**Stored items from a collection**
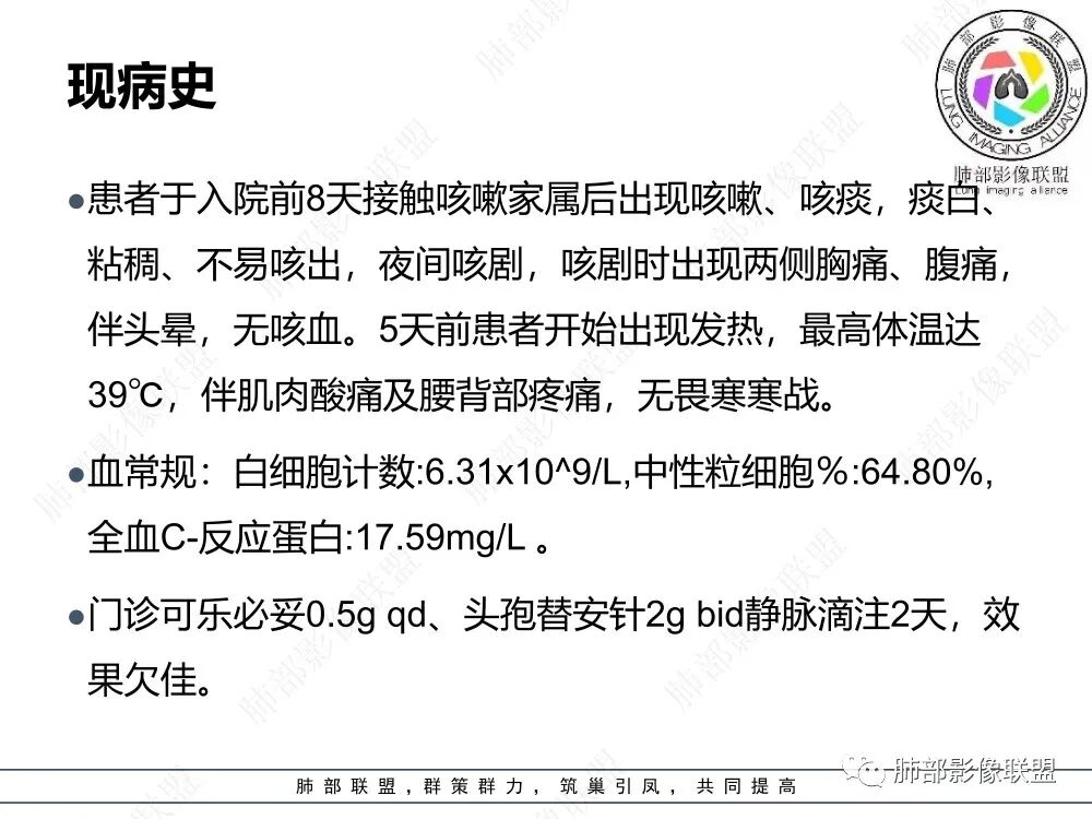 流心明智:女,咳嗽、咳痰8天,发热5天,伴肌肉酸痛,接触咳嗽患者后发病。血像正常。胸部CT:两肺多发斑片样GGO,外带分布,长轴沿胸膜展开,小叶内间隔增厚,右下斑片灶反晕?考虑不典型病原体,鹦鹉热?病毒?鉴别TB、支原体等。
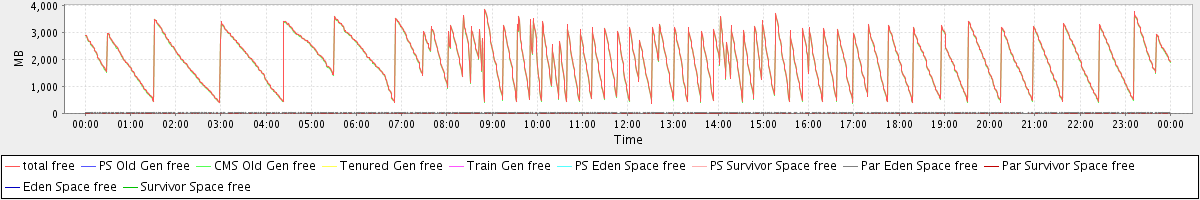 avg(total free) = 2015.80 avg(PS Old Gen free) = 0.00 avg(CMS Old Gen free) = 1994.20 avg(Tenured Gen free) = 0.00 avg(Train Gen free) = 0.00 avg(PS Eden Space free) = 0.00 avg(PS Survivor Space free) = 0.00 avg(Par Eden Space free) = 21.54 avg(Par Survivor Space free) = 0.06 avg(Eden Space free) = 0.00 avg(Survivor Space free) = 0.00
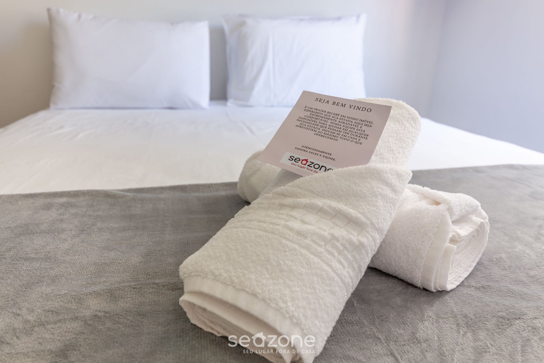- Roupas de cama/banho e limpeza extras são solicitadas e pagas à parte, direto com a Seazone;
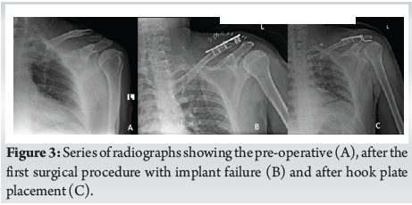 In our case, fixation was initially attempted using a pre-contoured anatomical locking plate. However, due to insufficient purchase on the small distal fragment, the construct failed, resulting in plate lift-off and implant prominence. Given the instability and fracture morphology, conversion to a hook plate was performed, providing the necessary fixation and acromio-clavicular joint support. This case underscores the importance of meticulous pre-operative planning and appropriate implant selection tailored to the specific fracture characteristics and patient needs.
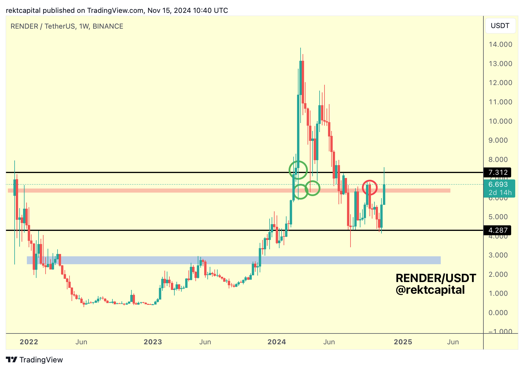 Whenever the red region has acted as support (green circles), this has supported RENDER above the $7.31 Range High resistance.

**WORK ITEM**
From the first line of the records through the line containing "In our case, fixation", please output exactly those lines and nothing more, leaving out the pictures.

**RESULT FOR THIS EXERCISE**
 流心明智:女,咳嗽、咳痰8天,发热5天,伴肌肉酸痛,接触咳嗽患者后发病。血像正常。胸部CT:两肺多发斑片样GGO,外带分布,长轴沿胸膜展开,小叶内间隔增厚,右下斑片灶反晕?考虑不典型病原体,鹦鹉热?病毒?鉴别TB、支原体等。
 avg(total free) = 2015.80 avg(PS Old Gen free) = 0.00 avg(CMS Old Gen free) = 1994.20 avg(Tenured Gen free) = 0.00 avg(Train Gen free) = 0.00 avg(PS Eden Space free) = 0.00 avg(PS Survivor Space free) = 0.00 avg(Par Eden Space free) = 21.54 avg(Par Survivor Space free) = 0.06 avg(Eden Space free) = 0.00 avg(Survivor Space free) = 0.00
- Roupas de cama/banho e limpeza extras são solicitadas e pagas à parte, direto com a Seazone;
 In our case, fixation was initially attempted using a pre-contoured anatomical locking plate. However, due to insufficient purchase on the small distal fragment, the construct failed, resulting in plate lift-off and implant prominence. Given the instability and fracture morphology, conversion to a hook plate was performed, providing the necessary fixation and acromio-clavicular joint support. This case underscores the importance of meticulous pre-operative planning and appropriate implant selection tailored to the specific fracture characteristics and patient needs.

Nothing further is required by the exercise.